Il a déjà été question plus haut de l’ouvrage que John Capgrave écrivit vers 1450 sous le titre de Ye Solace of Pilgrimes et qui constitue un guide de Rome à l’intention des pèlerins. Son long chapitre XIV (p. 33-39 dans l’édition C.A. Mills, Londres, 1911) est consacré à l’endroit qu’on appelle le Colisée (þat place whech þei clepe þe collise). Il en existe aujourd’hui une traduction italienne, due à D. Giusuè (Rome, 1995). Le ch. XIV y occupe les p. 67-69.

* Texte original commenté : Ye Solace of Pilgrimes : A Description of Rome, circa A. D. 1450, by John Capgrave, an Austin Friar of King's Lynn. Ed by C.A. Mills, with an introductory note by [...] H. M. Bannister [...], Londres, 1911, 190 p. Original accessible gratuitement sur Internet Archive.

* Traduction intégrale en italien : John Capgrave, Ye solace of pilgrimes : una guida di Roma per i pellegrini del Quattrocento. Introduzione e traduzione integrale a cura di Daniela Giosuè, Rome, 1995, 231 p.
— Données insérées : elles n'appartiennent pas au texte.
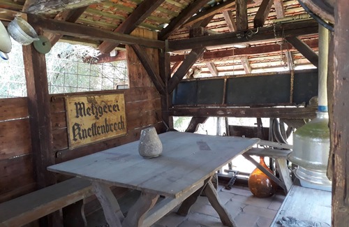 The idyllic self-catering house with historical charm, wood firing with tiled stove and open fireplace, spacious conservatory and garden offers enough space for small groups and families in a quiet location. Dog owners welcome. Direct access to the hiking trails and the Vogelsberg volcano cycle path, ice rink, outdoor pool and indoor wave pool in Lauterbach offer opportunities for activities in the immediate vicinity. The small sauna in the house and the large winter garden sweeten your stay on days with bad weather. The property manager is happy to offer vegan catering for your stay. There is an organic butcher in the village who also offers baked goods if you order in advance.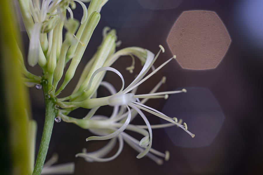 To be precise, it grows a stalk, separate from its long leaves; the stalk grows bulbs; eventually the bulbs open into flowers. Pretty little fragrant flowers. They won’t last all that long, I read, but they rejoice while they are here. And so do we. They are welcome, unexpected as they are, wherever they might have come from.

Deux aspects retiendront notre attention : le premier concerne le nom du bâtiment et les informations que John Capgrave a trouvées à ce sujet dans les livres. Il nous renverra en fait aux ouvrages médiévaux consacrés aux Derivationes (notamment Hugo de Pise et Osbern de Gloucester. Le second passage raconte la destruction du bâtiment par saint Silvestre et l’étymologie qui s’y relie. Nous retrouverons cette fois la Fiorita d’Armannino Giudice.

 

Le nom du bâtiment

Sur ce point, John Capgrave annonce très clairement la couleur : « Pour ce qui est du nom du bâtiment, voici ce qui est écrit dans les livres » (þus write oure bokis). Comme référence, il va ainsi citer ce qu’il nomme le Catholicon, terme utilisé à son époque pour ce que nous appellerions « dictionnaire ». D’après le Catholicon, écrit-il, le mot collise sert à désigner « toute chose qui est faite en souvenir d’une personne morte » (þat what þing be mad to be þat is rered for þe memorie of a ded man it may be called a collise). John Capgrave cite aussi un certain Papias, un lexicographe probablement du XIIe siècle (cfr éd. Mills, p. 34, n. 3), pour qui le mot collise s’applique à « une grande et haute statue de marbre ». On est dans la doctrine classique des ouvrages de Derivationes. On se souviendra de la formule de Osbern de Gloucester : colossus, i, aliqua res in memoriam alicuius mortui facta, reprise textuellement par Jean de Vitkring. On se souviendra aussi de l’ambiguïté du terme au Moyen Âge : on ne sait jamais très bien si celui qui l’utilise veut désigner une statue (le Colosse) ou un bâtiment (notre Colisée).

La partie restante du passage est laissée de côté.